The risks keep evolving and 2026 has started with the whole gamut, with events across the world highlighting the need for sustainable and affordable insurance, from the US-Israel war with Iran, the wildfires, the floods and the cyclones.
This is an ultimate test for the (re)insurance industry. Are we prepared as the risk managers? The models (where present) are being tested and the previously assumed frequency of events is rapidly changing. Underwriters, actuaries and data scientists have to continually be on their toes to get these models right as well as to develop models in regions where none exist today.
(Re)insurance remains central in risk management for sustainable businesses, industries, communities and, ultimately, economies. However, to achieve the goal of solid and resilient risk management, we require sustainable insurance structures.
The backbone of any insurance programme which delivers that sound risk management for its clients starts with the price. We are all aware of the initial principle of insurance, pooling together of the risks, with each of the risks paying a proportionate share of price (called premium) to the pool. The pool needs to be sound enough to pay losses from the unfortunate few members of the pool every year/period. Additionally, there need to be enough funds to cover the expenses of running that pool as well as sufficient to provide a return for those who have invested into these pools.
There are a few aspects influencing sustainable development of insurance pools:
- Data infrastructure
- Competition
- Growing natural catastrophes
- AI and technology
- Knowledge
- Utmost good faith (fraud)
In the insurance industry, data is without doubt the backbone. Data, data and more data to be able to adequately model and determine sustainable pricing. However, in most developing markets, data collection is still a big challenge. Sharing data in some regions is seen as sharing competitive information resulting in each player having just half of the story. In turn, it becomes very difficult to have a large sample of data in real time to continuously build and update models for different perils for each of the particular classes of business.
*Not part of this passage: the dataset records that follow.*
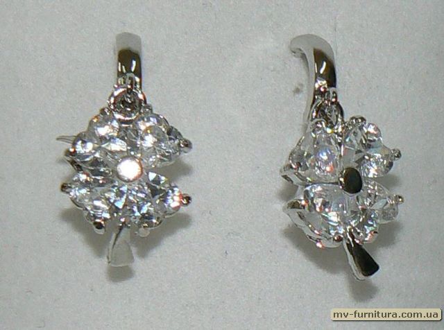 Серьги класика серебро камень белый цветок 15 мм. [ 1 ]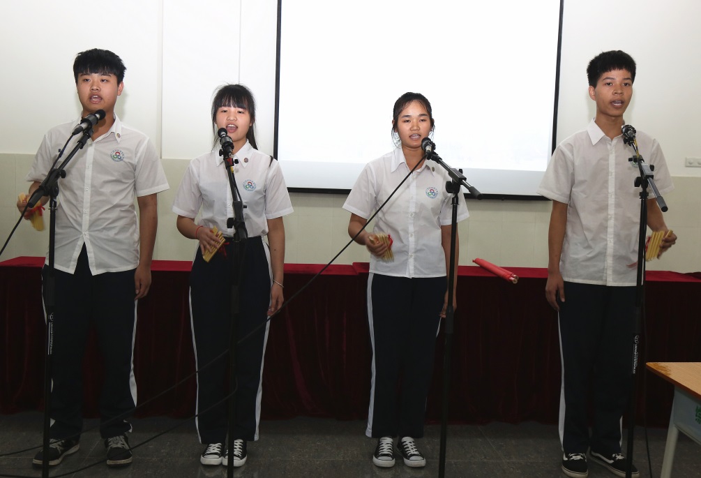 班会前一段精心制作的《寻根珠玑古巷,传承广府文化》视频以饱含深情的回溯将现场营造了浓郁的广府人精神主题氛围。视频刚结束,4位“广府班”学生手持快板,自信满满,声情并茂,来了一段《忆南雄行》——“视频看完很感慨,想要来段小快板。别的事情咱不表,单说特色广府班……”这一特别的暖场节目赢得了阵阵掌声。
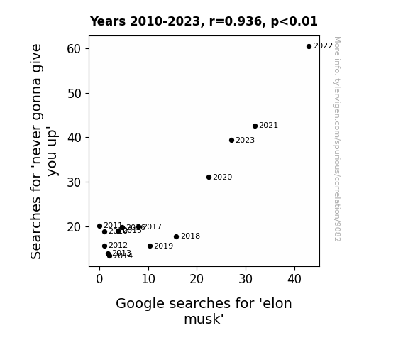 This means 87.6% of the change in the one variable (i.e., Google searches for 'elon musk') is predictable based on the change in the other (i.e., Searches for 'never gonna give you up') over the 14 years from 2010 through 2023.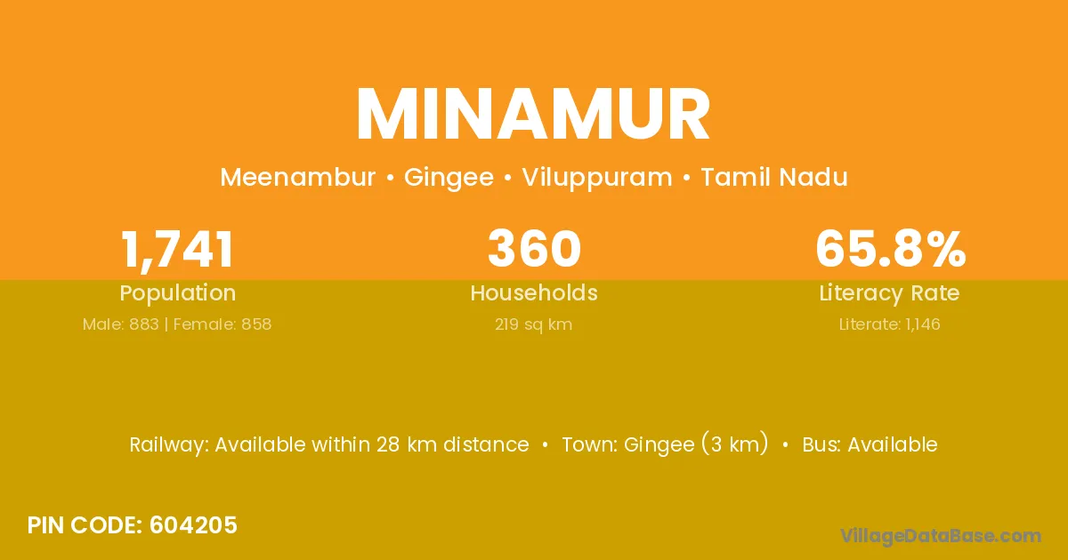Gingee (3 km) is the nearest town to Minamur village for major economic activities and is located approximately 3 km away.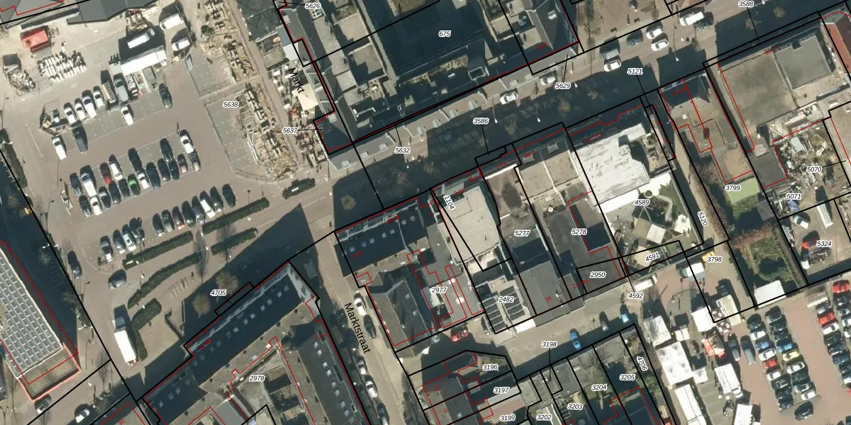 Het perceel waarop Markt 57 staat heeft een oppervlakte van 766 m². Dit is een groot perceel. De perceeloppervlakte wordt geregistreerd door het Kadaster. Gedetailleerde informatie over de maten van dit perceel kunt u vinden in het rapport Kadastrale kaart met maatvoering van Markt 57.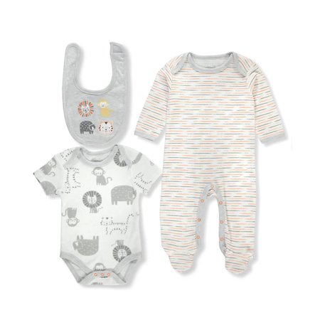 <ul> <li>Rene Rofe 3-piece layette set</li> <li>Footed coverall with striped jersey construction, contrast rib-knit trim, and easy-change snaps (100% cotton)</li> <li>Printed jersey bodysuit with lap collar, contrast rib-knit trim, and easy-change snaps (100% cotton)</li> <li>Jersey bib with printed graphic, contrast trim, and hook-and-loop closure (100% cotton)</li> <li>Machine wash cold, inside out</li> </ul>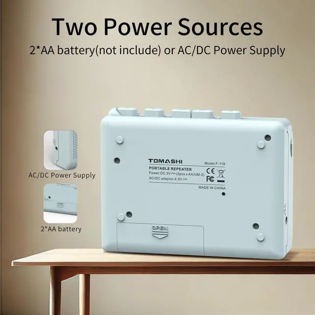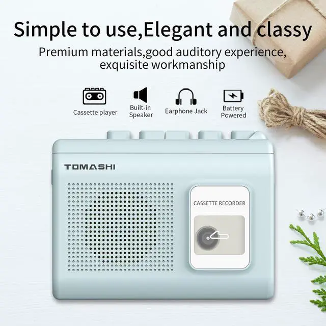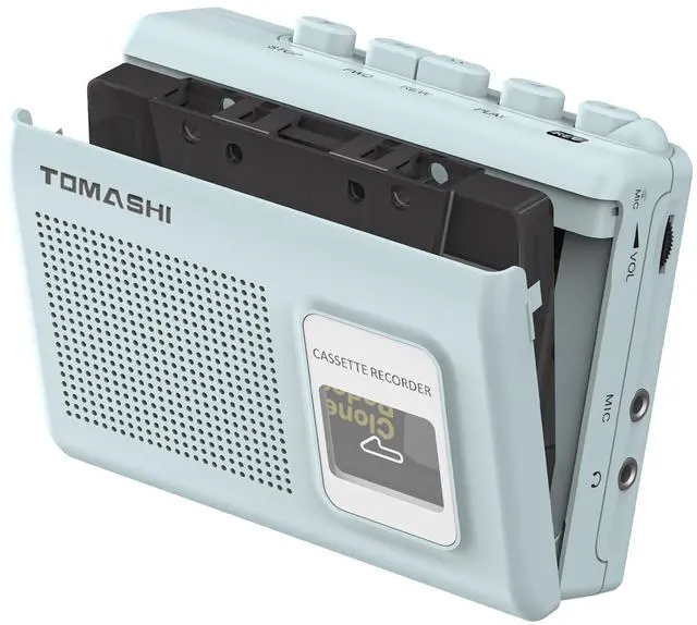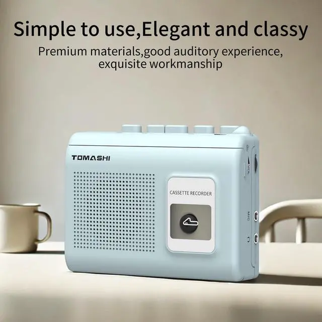 This device features cassette play and record functions, a built-in microphone, a microphone jack, an earphone jack, and an AC/DC adaptor jack. It operates on two AA batteries and has a compact size of 120mm (L) × 38mm (W) × 87mm (H), weighing just 0.33 pounds.

This leads to our second point about competition. The lack of shared industry information means competition is then happening in an effectively blind spot – underwriters take on risks without having historical data of the risk they onboard, in the hope that once on their books they can develop their own data (without suffering major losses in the meantime, which might unbalance the books).
We need to have champions of data in our various markets. For example, for the football enthusiasts, you will realize how Opta (the official data company that keeps the statistics of English Premier League) tracks and keeps data, improving League data and making it possible to predict a winning team easily, with much more precision than without data.
What more motivation can there be for the insurance industry when even sports and entertainment industries are ahead of us? That is particularly important when you consider the critical role we play in safeguarding investments and communities alike.
Something else that seems to be rarely out of the headlines these days is natural catastrophes. Floods, cyclones, wildfires, droughts, many of which we can name individually, are all becoming so much more frequent in recent years (up to about the last 20 years), compared to the 20th century.
This increasing frequency is coupled with growing urbanisation and light industries across many developing countries. The question for risk managers is whether this heightened exposure is being adjusted frequently enough in our models, if the models exist at all. Again, this can only work when we become a data-rich industry.
Other buzzwords, and the so-called emerging risks, have emerged around technology and artificial intelligence. In view of the amount of data and information that industry collects (or should be collecting), technology is our number one ally. We need to have tools that can quickly analyse, review and interpret our data so that we can provide workable solutions to our clients.
Technology will enable faster delivery, alongside accurate and rapid analysis that will ensure our services are delivered to the insurance public correctly and efficiently. In the long run, this will help us create sustainable and affordable insurance products and, at the same time, reduce the negotiation time involved as each party will have access to the same data – as they say, numbers don’t lie.
Hand in hand with technology, lies one of the most talked-about pain points in the sector – exaggerated claims, or fraud. It is said that wherever humans are involved in the processes, the risk of errors and/or the tendencies of exaggeration can occur. Technology therefore can reduce the risk of errors, while at the same time flagging potentially fraudulent activities at an earlier stage.
Last but not least is insurance knowledge. Technology should not replace the thinking and doing by the industry professionals. The technology is as good as what is fed into the system. The famous saying is “garbage in, garbage out”.
We always advocate continuous learning and practice. That starts with what you are taught in schools and colleges, what you learn on the job, what is discussed in conferences such as African Insurance Organisation (AIO), etc and written in magazines.
If we merely listen only to instantly return to practice as usual, including undercutting prices, then our sustainability as an insurance industry is at high risk and will require “insurance” itself, at a very high premium.